After computing the MLEs \(\hat{\beta}_j\) and corresponding fitted values \(\hat{\mu}\), the residual deviance is the minimized total deviance

\[ D(y,\hat{\mu}) = \sum\limits_{i=1}^n w_i d(y_i, \hat{\mu}_i). \]

For binomial GLMs:

\[ D(y,\hat{\mu}) = \sum_{i=1}^n m_i d(y_i,\hat{\mu}_i) \sim \chi_{n-p'}^2 \]
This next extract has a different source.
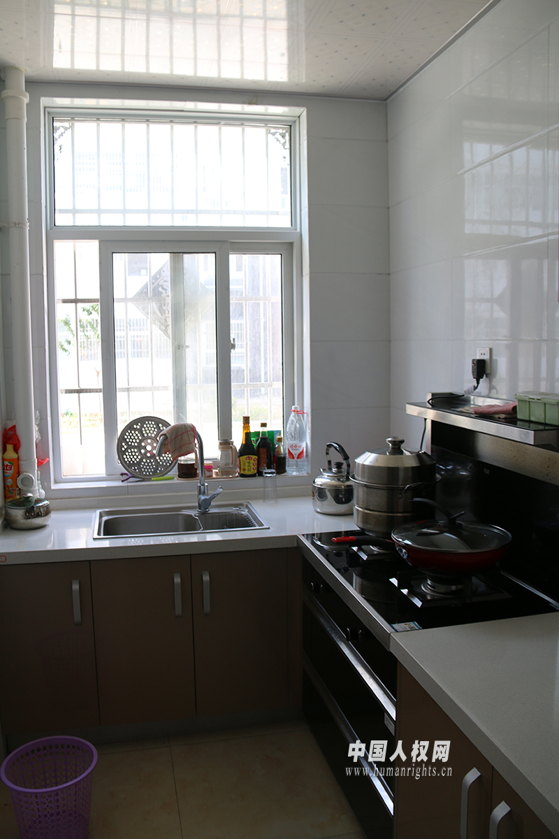 搬遷脫貧戶新家中充滿生活氣息的廚房。(攝影/陳可)

for a model with \(p'\) parameters in the linear predictor.

Example: turbines

library(GLMsData); data(turbines)
tur.m1 <- glm( Fissures/Turbines ~ Hours, family=binomial,
               weights=Turbines, data=turbines)
tur.m2 <- glm( cbind(Fissures, Turbines-Fissures) ~ Hours,
               family=binomial, data=turbines)

Logit

The logit (or logistic) link function is the canonical link for the binomial distribution and the default in R:

\[ \eta = \log \frac{\mu}{1-\mu} = \text{logit}(\mu). \]

A binomial GLM with the logit link function is often called a logistic regression model. It is specified in R using link ="logit".

Probit

The probit link function is

\[ \eta = \Phi^{-1}(\mu) = \text{probit}(\mu), \]

where \(\Phi\) is the CDF for the normal distribution. This link is specified in R as link="probit".

Complementary log-log

The complementary log-log link function is

\[ \eta = \log\left( - \log(1-\mu)\right). \]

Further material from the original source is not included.